>>>>
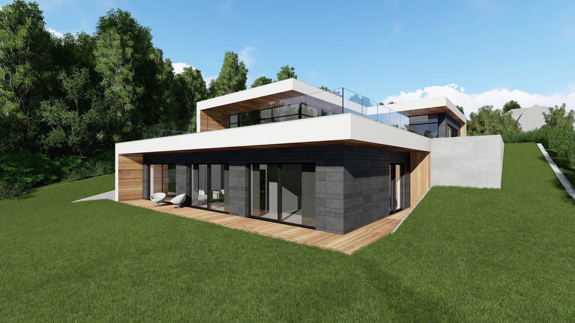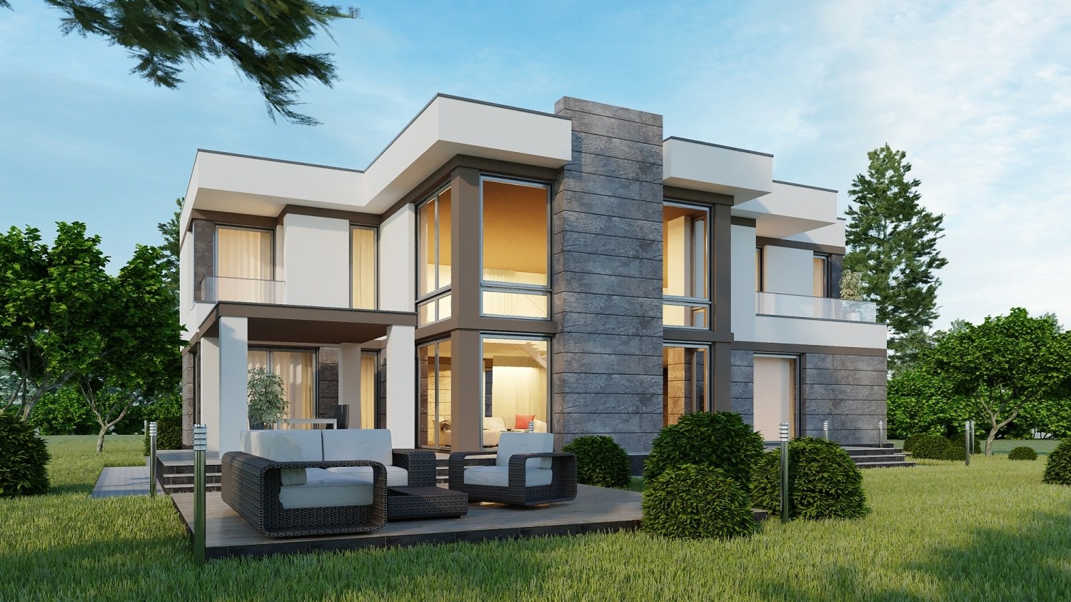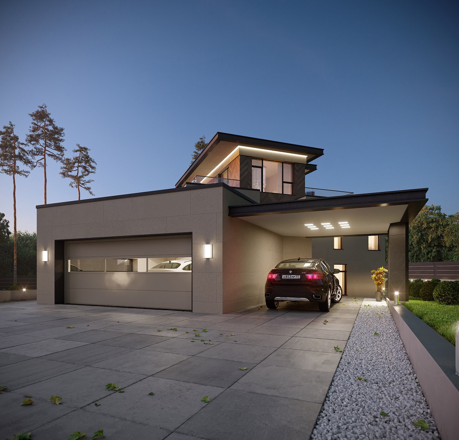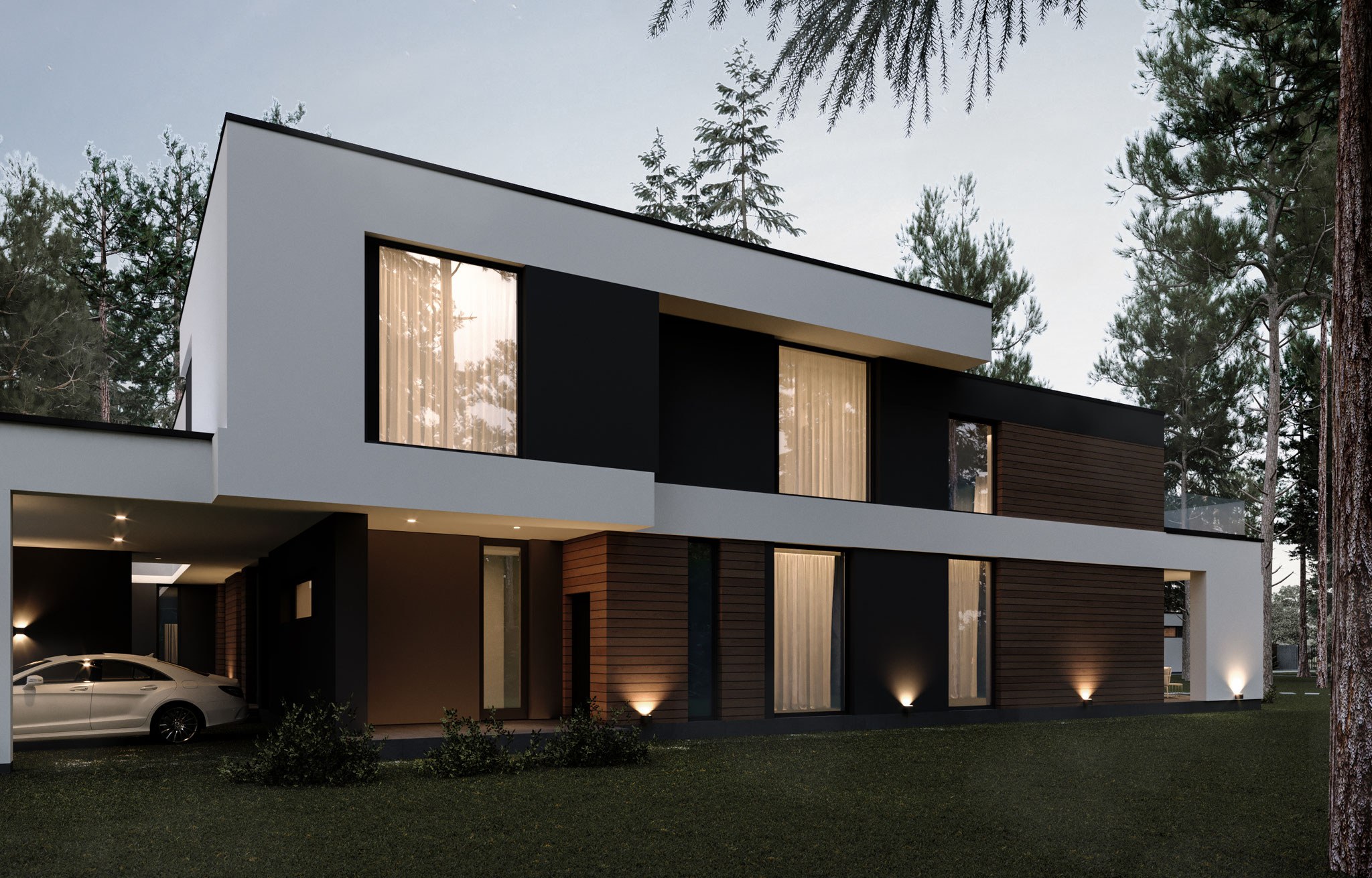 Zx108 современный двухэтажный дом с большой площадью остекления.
<<<<
>>>>
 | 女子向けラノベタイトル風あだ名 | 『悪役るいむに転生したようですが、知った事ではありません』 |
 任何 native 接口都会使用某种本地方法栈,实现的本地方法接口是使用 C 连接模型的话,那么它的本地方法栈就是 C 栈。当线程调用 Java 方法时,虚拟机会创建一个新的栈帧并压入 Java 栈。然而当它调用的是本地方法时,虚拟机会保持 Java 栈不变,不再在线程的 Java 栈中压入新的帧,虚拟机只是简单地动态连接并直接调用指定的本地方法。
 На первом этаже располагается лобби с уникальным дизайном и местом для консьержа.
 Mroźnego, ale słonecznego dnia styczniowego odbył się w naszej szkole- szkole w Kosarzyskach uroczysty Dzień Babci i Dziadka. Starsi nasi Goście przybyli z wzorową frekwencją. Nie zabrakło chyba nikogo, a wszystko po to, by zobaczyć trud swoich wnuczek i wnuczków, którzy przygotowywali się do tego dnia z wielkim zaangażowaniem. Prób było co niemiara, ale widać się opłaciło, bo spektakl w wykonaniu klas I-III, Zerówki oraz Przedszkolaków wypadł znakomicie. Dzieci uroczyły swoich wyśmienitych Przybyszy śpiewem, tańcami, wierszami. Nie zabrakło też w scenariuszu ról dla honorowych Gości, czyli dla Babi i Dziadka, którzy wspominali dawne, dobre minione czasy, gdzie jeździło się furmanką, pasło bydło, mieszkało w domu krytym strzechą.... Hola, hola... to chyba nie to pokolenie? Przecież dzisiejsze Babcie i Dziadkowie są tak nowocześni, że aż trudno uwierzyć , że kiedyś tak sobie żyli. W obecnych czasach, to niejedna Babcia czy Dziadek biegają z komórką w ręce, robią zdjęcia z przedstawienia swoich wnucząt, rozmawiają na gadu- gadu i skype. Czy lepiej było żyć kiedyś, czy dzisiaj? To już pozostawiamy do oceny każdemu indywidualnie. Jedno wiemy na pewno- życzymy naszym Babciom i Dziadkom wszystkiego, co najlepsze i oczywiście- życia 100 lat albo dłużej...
<<<<
>>>>
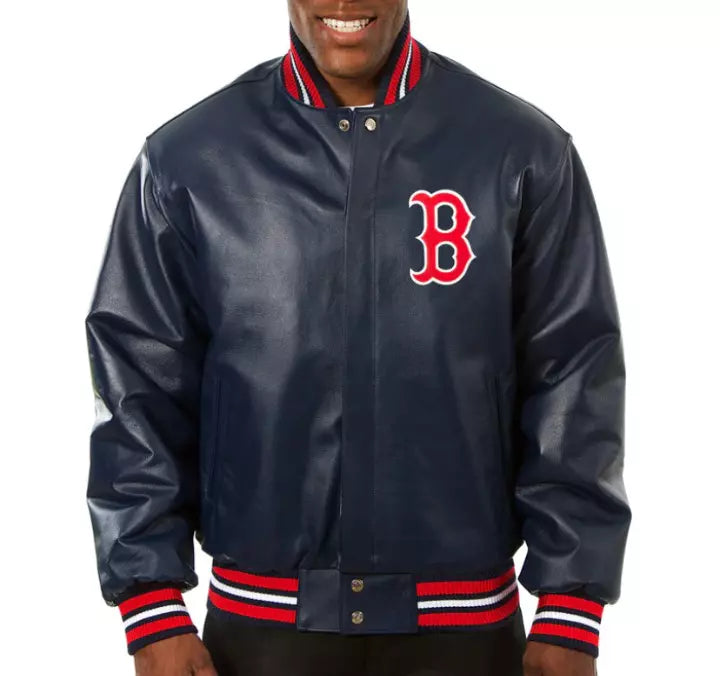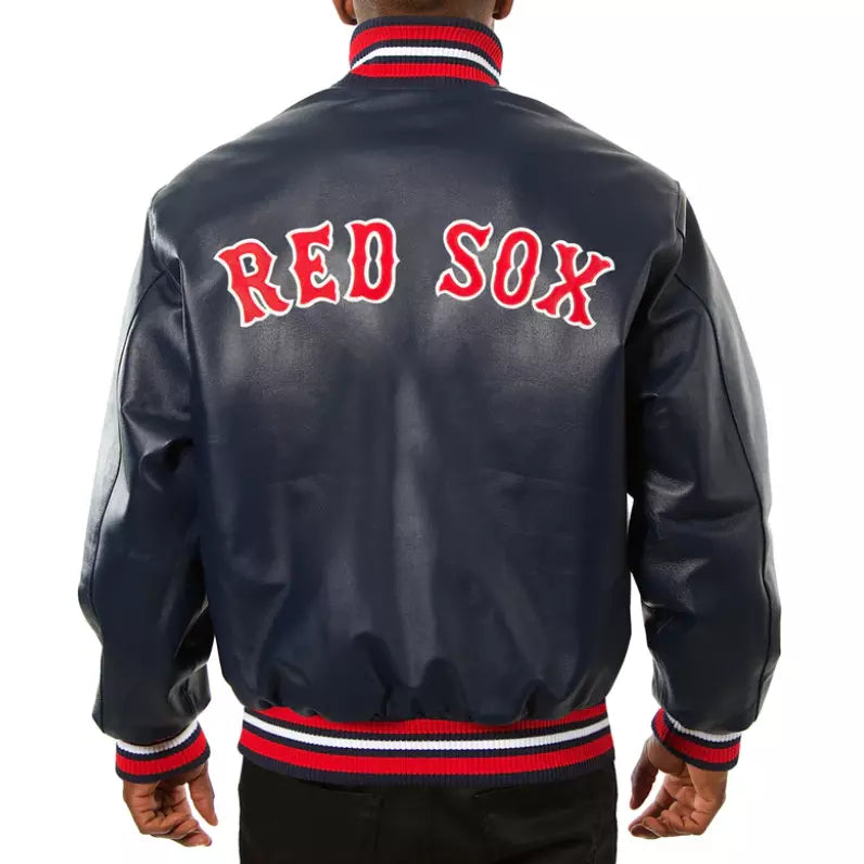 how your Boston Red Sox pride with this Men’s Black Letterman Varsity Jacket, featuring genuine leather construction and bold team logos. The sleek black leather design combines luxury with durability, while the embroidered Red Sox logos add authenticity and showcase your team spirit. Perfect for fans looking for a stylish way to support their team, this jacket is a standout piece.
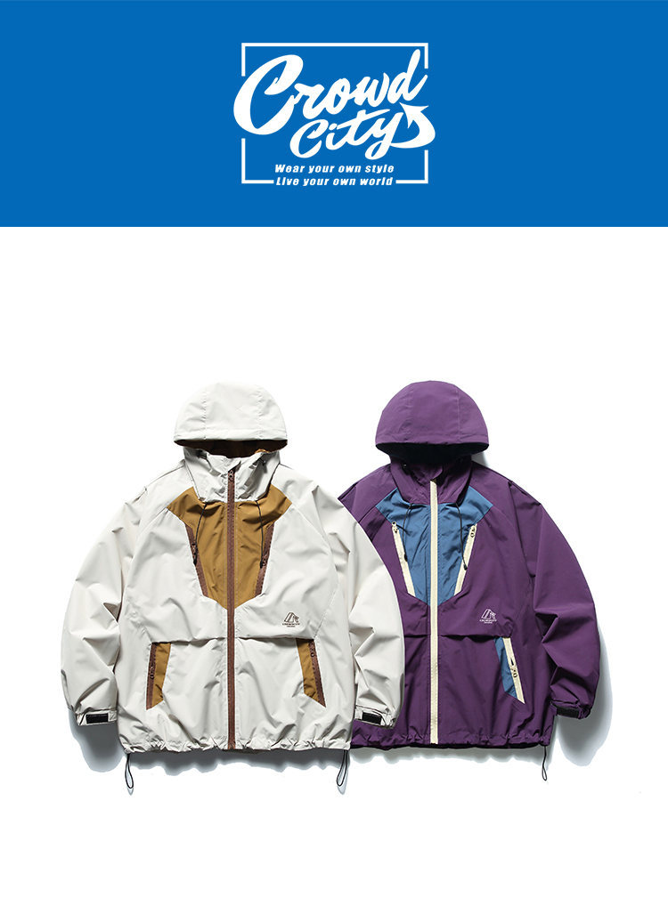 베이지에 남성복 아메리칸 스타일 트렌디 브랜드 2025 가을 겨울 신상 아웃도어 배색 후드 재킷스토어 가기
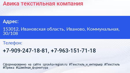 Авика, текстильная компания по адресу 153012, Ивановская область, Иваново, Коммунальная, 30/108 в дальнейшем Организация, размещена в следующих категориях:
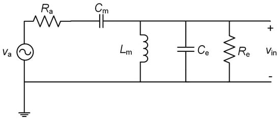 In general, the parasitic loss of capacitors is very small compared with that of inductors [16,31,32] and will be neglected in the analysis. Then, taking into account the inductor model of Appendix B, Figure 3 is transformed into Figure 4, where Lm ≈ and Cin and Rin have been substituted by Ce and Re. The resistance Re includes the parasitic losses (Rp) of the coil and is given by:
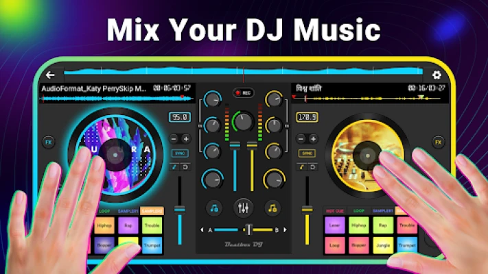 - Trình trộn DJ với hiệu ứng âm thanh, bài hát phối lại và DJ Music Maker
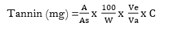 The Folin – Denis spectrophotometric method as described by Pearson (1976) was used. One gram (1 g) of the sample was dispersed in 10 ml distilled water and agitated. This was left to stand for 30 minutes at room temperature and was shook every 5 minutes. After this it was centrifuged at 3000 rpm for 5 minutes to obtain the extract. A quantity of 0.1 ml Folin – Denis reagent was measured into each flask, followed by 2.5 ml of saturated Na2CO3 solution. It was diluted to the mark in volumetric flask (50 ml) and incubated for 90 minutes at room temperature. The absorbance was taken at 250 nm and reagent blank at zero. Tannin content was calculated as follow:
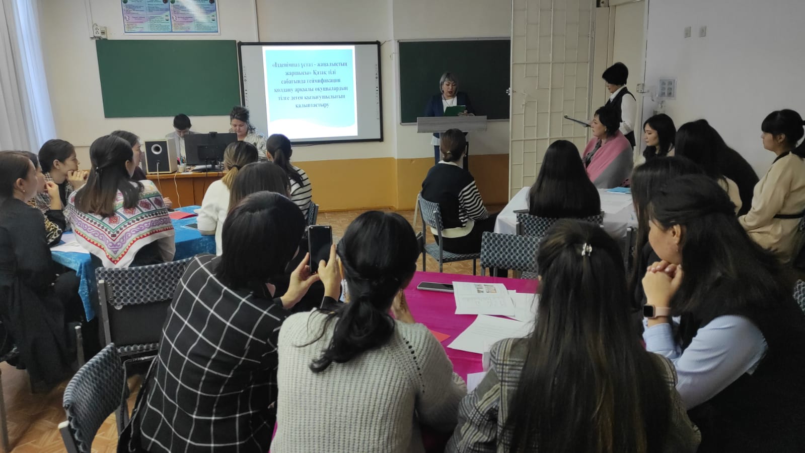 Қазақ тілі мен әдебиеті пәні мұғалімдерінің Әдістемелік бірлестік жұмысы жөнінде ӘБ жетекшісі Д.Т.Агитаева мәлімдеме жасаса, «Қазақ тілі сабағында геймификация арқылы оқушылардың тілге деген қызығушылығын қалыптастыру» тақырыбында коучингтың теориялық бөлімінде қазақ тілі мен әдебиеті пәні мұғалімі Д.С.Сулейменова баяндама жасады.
<<<<
▶ [Task to complete] Taking the entries above, extract every line from the one bearing "The Folin –" through the one bearing "Қазақ тілі мен әдебиеті пәні мұғалімдерінің", exactly, with no pictures.

▶ [Solution]
 The Folin – Denis spectrophotometric method as described by Pearson (1976) was used. One gram (1 g) of the sample was dispersed in 10 ml distilled water and agitated. This was left to stand for 30 minutes at room temperature and was shook every 5 minutes. After this it was centrifuged at 3000 rpm for 5 minutes to obtain the extract. A quantity of 0.1 ml Folin – Denis reagent was measured into each flask, followed by 2.5 ml of saturated Na2CO3 solution. It was diluted to the mark in volumetric flask (50 ml) and incubated for 90 minutes at room temperature. The absorbance was taken at 250 nm and reagent blank at zero. Tannin content was calculated as follow:
 Қазақ тілі мен әдебиеті пәні мұғалімдерінің Әдістемелік бірлестік жұмысы жөнінде ӘБ жетекшісі Д.Т.Агитаева мәлімдеме жасаса, «Қазақ тілі сабағында геймификация арқылы оқушылардың тілге деген қызығушылығын қалыптастыру» тақырыбында коучингтың теориялық бөлімінде қазақ тілі мен әдебиеті пәні мұғалімі Д.С.Сулейменова баяндама жасады.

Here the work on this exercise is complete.